Update: You might be interested in reading Section 7 of my seminar for references to how each link from a source to destination can be given different priorities as well. Other sections related to introduction, HITS, pagerank, etc. can be skipped.

Greg Linden said...

Thanks, Tejaswi. Great comments and I appreciate the references.

However, I'm still not sure about the idea that a link has value by itself. It seems to me that the value of a link is in the traffic that it sends.

A way to boil this down might be to ask ourselves a couple questions:

Does a link that is never followed have no value?

Should links be valued differently depending on their prominence (position on the page, etc.) or other estimates of the traffic on the link?

If the answer to these is yes and yes, then it seems to me that the link analysis of PageRank is attempting to estimate the traffic to the site. If we actually have large samples of traffic data for all sites on the Web, we might be able to come up with a better estimate or, at a minimum, supplement and simplify the PageRank computation.

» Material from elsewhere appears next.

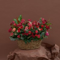 Корзина с ручкой размер XL, розы одноголовые и кустовые и сезонная зелень.
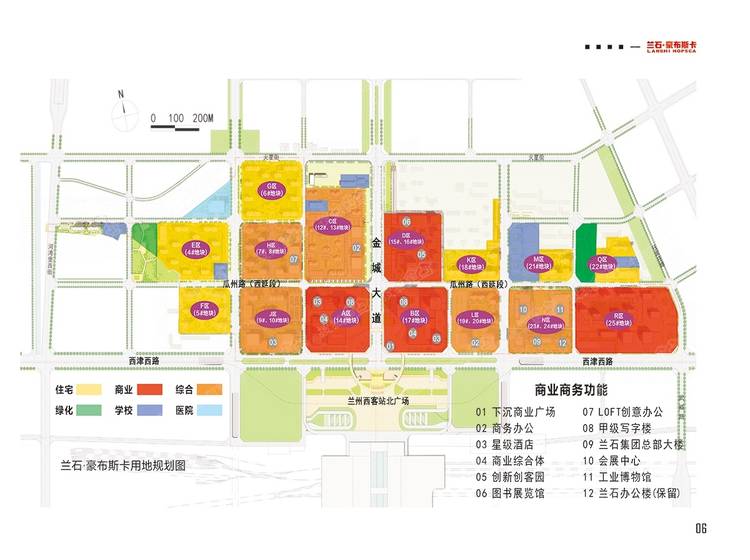 兰石·豪布斯卡整体由商业商务办公区与宜居生活区组成,涵盖大型购物中心、慢商业街区、商务办公、总部基地、星级酒店、会展中心、甘肃省工业博物馆、会展中心、品质人文住宅等业态。

Do you disagree? If so, how would you weight the link transition probabilities as part of computing PageRank? Would you count all links on the page equally?

Tejaswi said...

To reiterate that again, (as they say in the department of redundancy department), Links mean a judgement of quality, and not just traffic. Of course, quality links are traversed, and incidentally, it also generates traffic. But thats incidental. PageRank's principle is to use the page creator's editorial jugement regarding the destination page.

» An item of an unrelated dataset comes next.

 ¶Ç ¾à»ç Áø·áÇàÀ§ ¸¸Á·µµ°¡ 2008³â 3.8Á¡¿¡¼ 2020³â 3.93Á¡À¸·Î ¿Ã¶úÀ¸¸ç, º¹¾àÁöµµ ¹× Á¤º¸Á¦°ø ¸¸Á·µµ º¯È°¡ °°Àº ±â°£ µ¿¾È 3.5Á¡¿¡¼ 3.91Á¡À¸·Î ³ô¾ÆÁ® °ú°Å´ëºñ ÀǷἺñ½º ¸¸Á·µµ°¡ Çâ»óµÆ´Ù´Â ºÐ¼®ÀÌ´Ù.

On an aside, we also do not want to get into a vicious loop here by ranking pages on traffic, and thereby giving them a higher rank, and generating more traffic to them. Btw, this self serving vicious rich-become-richer paradigm also takes link based PageRank also for a victim. A new page that enters the Web has no way of getting ranked on prominent search engines unless they already have traffic. Search engines drive most of the traffic, and not just random clicking on links by people (unless its wikipedia, of course). You can read a survey of that here:
http://www.www2004.org/proceedings/docs/1p20.pdf

As for counting links on a page equally, I am pretty sure that most search engines do not do that (in their pagerankish compuataion). For example, a link pointing to a "download acrobat reader here" wouldn't be given as much importance as a link that points to some other place. But you also see that PageRank is query independent, and so, how do you know that a link is "irrelevant?" Every link is valuable to some query. So, while doing query independent offline ranking, each link needs to be evaluated the same. But while personalizing ranking itself, or if you want to use some topic/user conditioned ranking, each link might get a different weight based on its anchor text, surrounding text, DOM tree of the page, etc.

Tejaswi said...

Update to correct bad typo in previous comment:

As for counting links on a page equally, I am pretty sure that most search engines do that already (in their pagerankish compuataion).